Spulen wir ein paar hunderttausend Jahre – und damit endlos viele Geschichten und Gemetzel rund um das Thema – vor in die Neuzeit: Die Suche nach dem Macher hat sich als erfolglos erwiesen. Zwar ist nach wie vor seine (oder ihre) Existenz nicht ausgeschlossen, aber Konkretes und damit etwas, auf das sich alle vernünftigen Menschen verständigen könnten, wurde nicht gefunden. Dasselbe gilt für den verborgenen Zweck unserer Existenz, der angeblich vom Macher vorausgedacht wurde. Wir im Abendland haben uns nach langem Elend dazu durchgerungen, diese anscheinend doch höchstrelevanten Fragen aus dem Prozess der gemeinsamen Wahrheitsfindung zu verbannen ins Private. Da darf jeder munter weiter suchen, spekulieren, glauben und sich finden – oder auch nicht.
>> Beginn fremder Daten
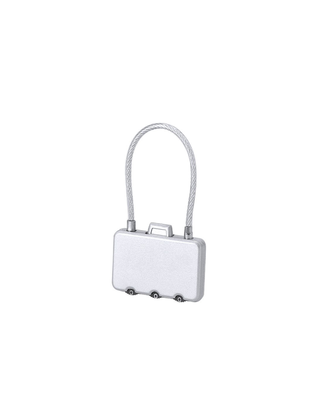 Candado con contraseña numérica metálico de 3 dígitos, botón de apertura en la parte superior y cierre de cable de acero. Metal

So lange er oder sie die anderen damit in Ruhe lässt und ihnen dasselbe zuspricht, können wir in Frieden leben.

Statt dessen haben wir Aktivlinge uns zwei anderen Fragen zugewandt: 1.) Wie funktioniert die Welt bzw. was geschah bisher? und 2.) Wie können wir es uns in ihr gut einrichten? Während sich bei ersterer ein weltumspannender und (weitgehend) einheitlicher Wissenschaftsprozess (auf der Suche nach der Wahrheit) herausgebildet hat – es gibt keine chinesische Quantenphysik und keine amerikanische Kosmologie – so sieht das bei der zweiten Frage anders aus. Da gibt es sowohl auf politischer (Autoritarismus vs. Demokratie) wie auch privater Seite (Hedonismus vs. Gemeinwohlorientierung) große Spannbreiten, die beileibe auch nicht eindimensional zu erfassen sind.
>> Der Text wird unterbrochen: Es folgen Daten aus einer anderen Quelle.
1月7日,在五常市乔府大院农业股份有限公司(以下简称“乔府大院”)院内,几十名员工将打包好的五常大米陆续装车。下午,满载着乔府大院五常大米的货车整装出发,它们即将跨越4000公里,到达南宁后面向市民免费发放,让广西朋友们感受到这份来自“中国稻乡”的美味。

Leider ist bei beiden Unternehmungen, oder besser: bei ihren Akteuren, eines zu kurz gekommen: Wir leben nicht in einer Welt ohne Grenzen, wo jeder alles machen darf, so lange er oder sie den Mitmenschen nicht unmittelbar schädigt. Wo sich alle nach Belieben vermehren oder auch alle Bodenschätze und Wälder nach Herzenslust plündern dürfen. Gerne schiebt man da ja einen Wachstumszwang vor, der das eigene Handeln als alternativlos darstellt. Man muss kein Wissenschaftler sein, um zu begreifen, dass die heutige Lebensform – zumindest in den wirtschaftlich entwickelten Ländern – sich ihr Ende selbst bereitet. Und dass sie dabei viele jetzt und zukünftig lebende Menschen mit in den Abgrund zu ziehen droht. Doch ist diese “Lebensform” mit ihrem Konsumismus denn tatsächlich so attraktiv, wenn man sich nur als Exponenten den aktuellen Erfolg von TikTok und Temu anschaut? Ich glaube nicht.

Im Buch von Roger Willemsen “Wer wir waren” zitiert er Giambattista Vico von 1725 mit einer ernüchternden Erkenntnis: “Zuerst fühlen die Menschen das Notwendige, dann achten sie auf das Nützliche, darauf bemerken sie das Bequeme, weiterhin erfreuen sie sich am Gefälligen, später verdirbt sie der Luxus, schließlich werden sie toll und zerstören ihr Erbe”.

Was machen wir da? Ich meine, wir müssen Punkt 2 von oben erweitern um diese Perspektive: Wollen wir langfristig denken und uns hier auf Erden nicht nur irgendwie unbeschadet und bequem durchs Leben mogeln, bleibt nur eines: Die natürlichen Lebensgrundlagen aktiv zu schützen. Denn sonst wird allen anderen Unternehmungen und – hoffentlich friedlichen – Auseinandersetzungen schlicht der Boden entzogen. Anders als bei der Religion kommt es dabei darauf an, dass man / frau sich eben nicht ins Private zurückzieht, wie wir das bei heiklen Themen gelernt haben zu tun. So käme dann, geradezu durch die Hintertür, wieder ein durch größte Relevanz fundierter Sinn und Zweck ins – vielleicht objektiv als absurd erkannte – eigene Leben: Dafür zu sorgen, dass uns Machern das von uns Gemachte nicht auf die Füße fällt.